Saturday, February 28, 2009

Welcome

I suppose I should preface here why I named this blog "Breakfast at the Midnight Cafe". For those of you who know me, I am somewhat of an insomniac. Actually, I prefer to call it being nocturnal, or to be more precise crepuscular. It's not that I don't sleep, I do, I love to sleep just as much as the next guy. It's just that I have a different circadian rhythm, one that sets me apart from the norm of a diurnal society. I guess I am the evening equivalent of the "morning person". The moon doing for me what the sun does for reptiles and most green leafy plants. 

I can't explain it, I just feel more alive during the night, especially during twilight hours. I may be physically tired from a day's work, but I find that my mental acuity is at its peak when night falls.  I attain a level of focus and awareness at night that is otherwise elusive when the sun is out. The clarity is refreshing, and things that are left on the back burner during the day are smelling pretty good by night. The way I explain it to people, its like the sun floods everything with light, so much so that it is hard to really look at individual items. Everything is bright, and equally catching.

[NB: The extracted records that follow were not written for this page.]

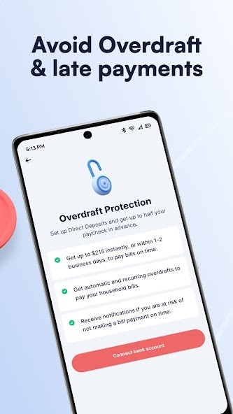 • Get overdraft advances with no interest (APR), credit checks, no origination, or hidden fees
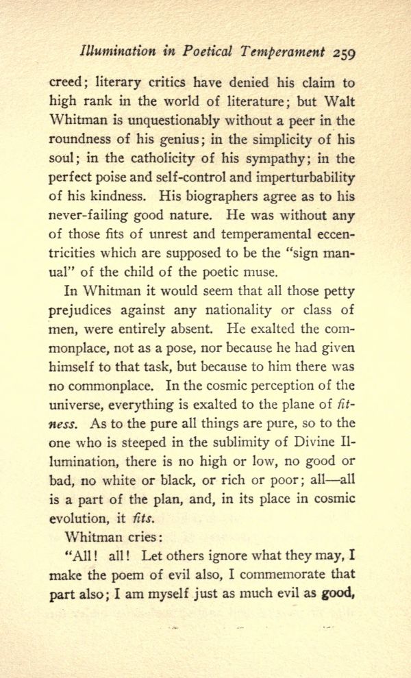 In Whitman it would seem that all those petty prejudices against any nationality or class of men, were entirely absent. He exalted the common-place, not as a pose, nor because he had given himself to that task, but because to him there was no common-place. In the cosmic perception of the universe, everything is exalted to the plane of fitness. As to the pure all things are pure, so to the one who is steeped in the sublimity of Divine Illumination, there is no high or low, no good or bad, no white or black, or rich or poor; all--all is a part of the plan, and, in its place in cosmic evolution, it fits.
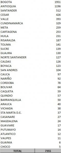 El Ministro de Salud, Fernando Ruiz, confirmó recientemente en su boletín diario que se presentaron 7.355 contagios nuevos de COVID-19. Después de este registro Colombia llega a 92.498 casos activos y a un total de 716.319 casos confirmados. Este es la cifra más alta de personas con el virus desde que inició la pandemia hace casi cinco meses. Los casos se presentaron en:
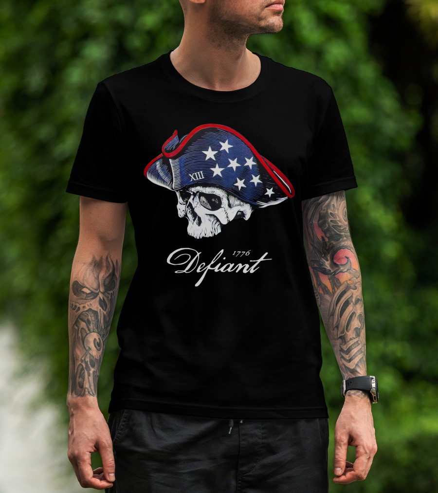 Defiant 1776 XIII Skull With Patriot Tricorn Hat Men's Fashion 3XL T-Shirt
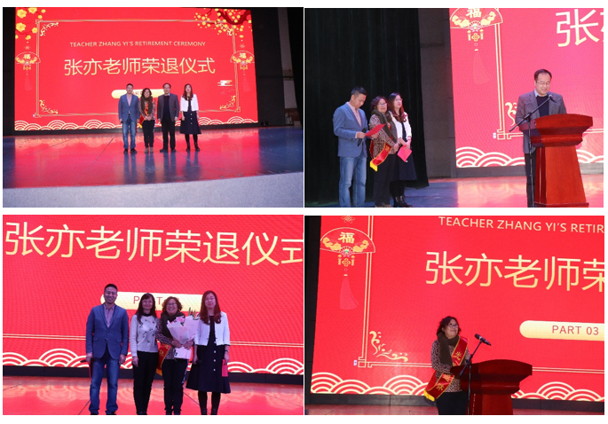 接下来,为今年退休的张亦老师举行了盛大的荣退仪式。仪式共分四个阶段。首先,邀请张亦老师同台观看分工会精心制作的短视频。伴随着 “不说再见-物电学院”熟悉音律的响起,一幅幅张亦老师和大家共事的照片映入眼帘,勾起了老师们诸多美好的回忆;仪式第二项,马瑜书记为张亦老师佩戴绥带并致辞。绶带上的“光荣退休”四个字格外耀眼,这是对张亦老师辛勤工作四十余载的最高褒奖;马书记悉数与张老师共事期间的点点滴滴,幽默风趣的讲话激起了在场教师们的深刻共鸣,现场掌声此起彼伏;仪式第三项,物理系主任郝睿教授为张亦老师献花并致辞。美丽的鲜花生机盎然,既是对张亦老师爽朗直率性格的诠释,更是寓意张亦老师退而不休,继续焕发新生活力;郝睿老师的致辞没有太多华丽的辞藻,但每一句都道出了我们物电人对张老师发自内心的感谢和恋恋不舍;仪式最后一项,张亦老师发表荣退感言。张亦老师激动不已、眼眶湿润、几近哽咽,仅用几句深情的感谢和两次深深的鞠躬表达了内心由衷的谢意。
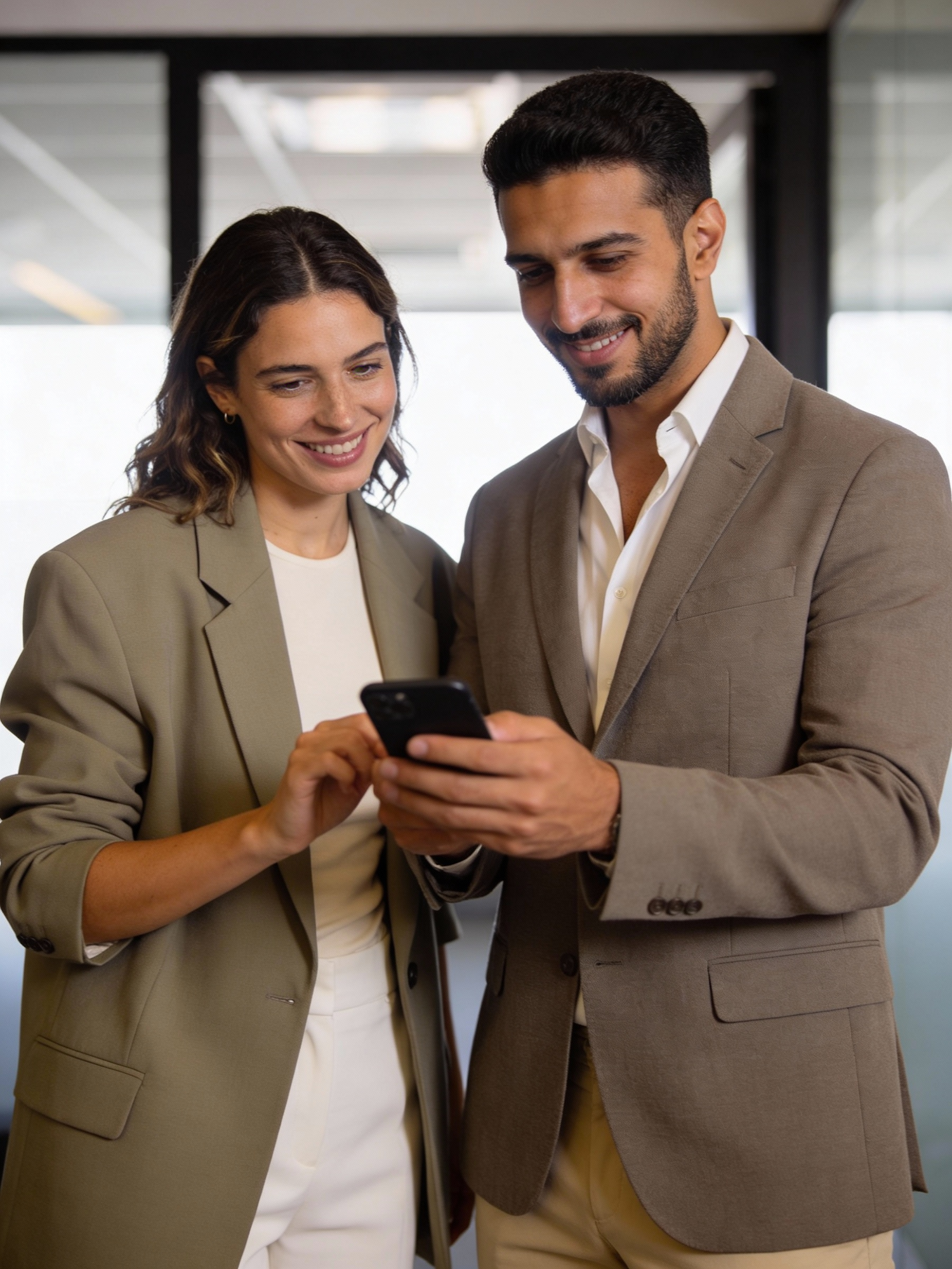 Two professionals in beige blazers share a moment of collaboration, smiling as they look at a smartphone in a modern office setting.
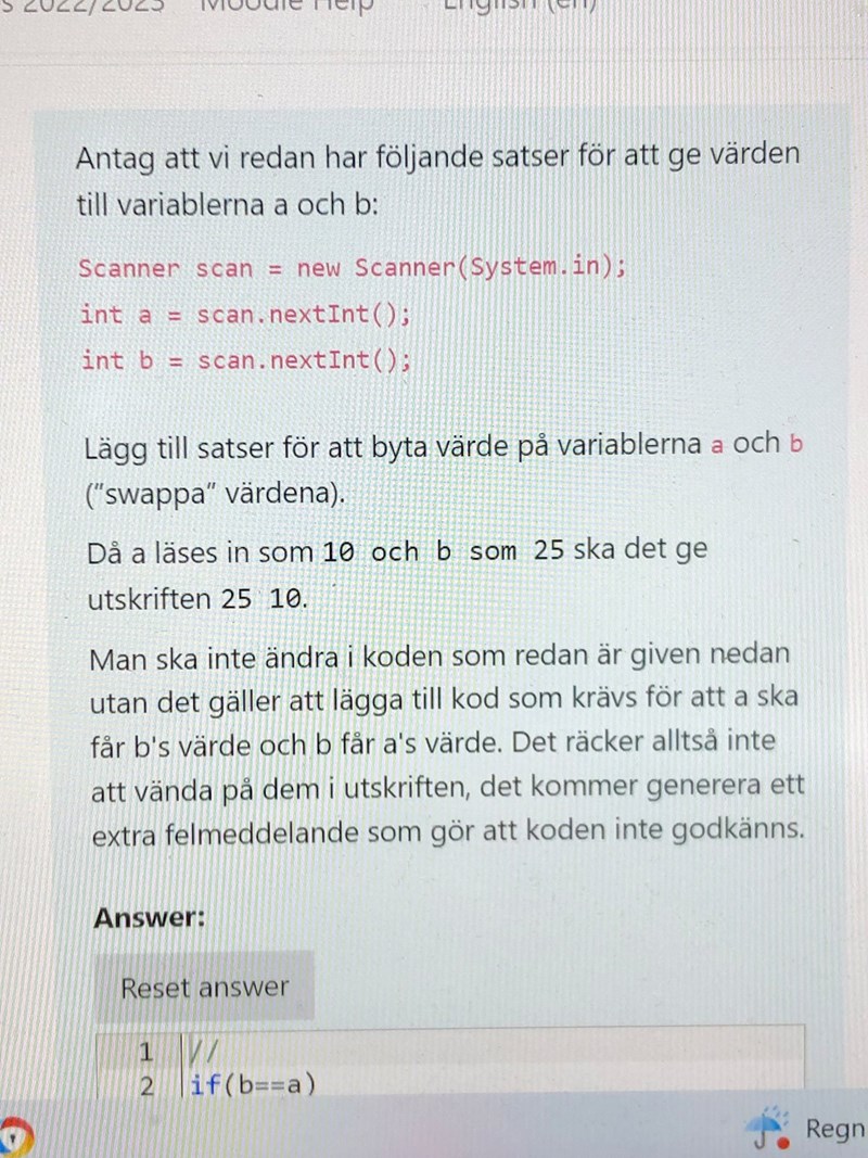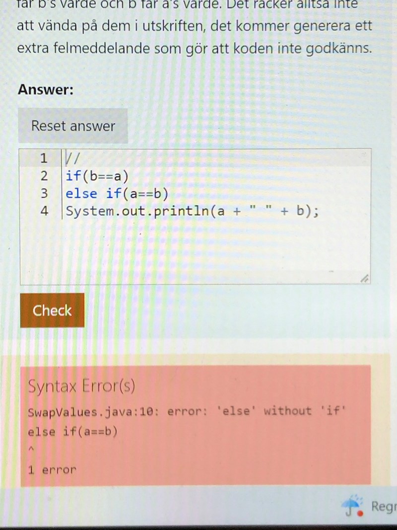 Hej, jag ska lägga till satser för att byta värde på variablerna a och b så att om a läses in som 10 och b som 25 ska det ge utskriften 25 10. Jag gör dock något fel (det står att jag har skrivit ”else” utan ”if” men det har jag med). Ser någon vad jag gör fel?

Then comes the night, and the moon is like this giant spot light that hones in on whatever you aim it at. It may be a narrower beam with a softer glow, but it does its job of contrasting things for me. 

So there you have it, I love the night, it is welcoming. There is something about it, a quality of intimacy that encourages people to shed their daily masks and reveal their truth selves. At least I have always found the conversations that lasted way into the night more enlightening. I guess it has to do with the fact that there is little distraction. Most diurnal people function on a minute-to-minute-hour-to-hour mentality, where things are planned on the hour, quarter hour and half hour, and intervals (in minutes) expressed in units divisible by 5. Comes the night, and that mentality is reduced, the need to move on abated.  It allows the mind to wander and reflect, as if it's saying "Hey, the night is young and I've got nowhere that I need to be." 

Another thing I like about the night is all-night diners that serves breakfast anytime. The staff and patrons at these diners are people after my own heart. They understand what it is like to be nocturnal, and they buy into the philosophy that breakfast is the most important meal of the day. I know the stuff they serve you at these diners may not be healthy per se, but it is often very satisfying. Talk with any great conversationalist, and they will tell you one of the best way to keep a conversation alive is a full stomach. 

So it is with this in mind that  I created this blog. I hope I can combine the effects of a hearty meal and timeless agenda to create a welcoming atmosphere. I hope you can join me from time to time, when your daily work is done, and you want to share thoughts and stories. Grab a mug and come hither. 


Sunday, February 22, 2009

Crying

You know how sometimes you drank too much and the room starts to spin, and the next thing you know you are worshipping at the altar of the porcelain god? Well, that's how I think of crying, it's like the throwing up of all the bad things from your soul that would otherwise give you a bad hangover.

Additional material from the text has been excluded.